The Socialist Action Party (Spanish: Partido de Acción Socialista, PASOC) was a socialist political party in Spain, founded in 1972 as the Spanish Socialist Workers Party (historical sector).

==History==
The party was founded in 1972 as the Spanish Socialist Workers' Party (historical sector) or PSOE(h), as a result of a split of the Spanish Socialist Workers' Party. In 1977 the party changed its name to Socialist Party and in 1982 adopted its definitive name. In 1986 the party joined United Left, leaving the coalition in 2001 and disappearing soon after.

==Prominent PASOC/PSOE(h) politicians==
- Alonso José Puerta. Member of the European Parliament (1987-2004). Vicepresident of the European Parliament and president of the GUE/NGL parliamentary group.
- Andrés Cuevas González. Member of the Parliament of Andalusia.

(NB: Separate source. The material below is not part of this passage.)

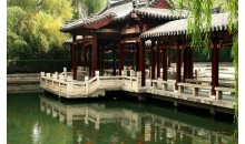 龍?zhí)?,位于濟南舊城西門外,洛源橋北,南臨趵突泉,北接大明湖。潭周名泉眾多,形成五龍?zhí)度?,為濟南四大泉群之一,?nèi)有泉池二十七處。公園的建園風格兼具有南北造園之精華,是以潭池溪港等景觀構成,質(zhì)樸野逸為特點的園林水景園。此水域風景秀麗,柳絲醮波,鳴禽啾啾,荇藻漂浮,錦魚嬉戲,素有“夾岸桃花,恍若仙境”之美譽,風景幽雅獨具特色

- Froilán Reina. Member of the Regional Assembly of Murcia.
- Franco González. Member of the Assembly of Madrid.
- Inés Sabanés. Member of the Assembly of Madrid.
- Luis Alonso Novo. Member of the Assembly of Madrid.
- Adolfo de Luxán. Member of the Assembly of Madrid.
- Antón Saavedra. Member of the General Junta of the Principality of Asturias.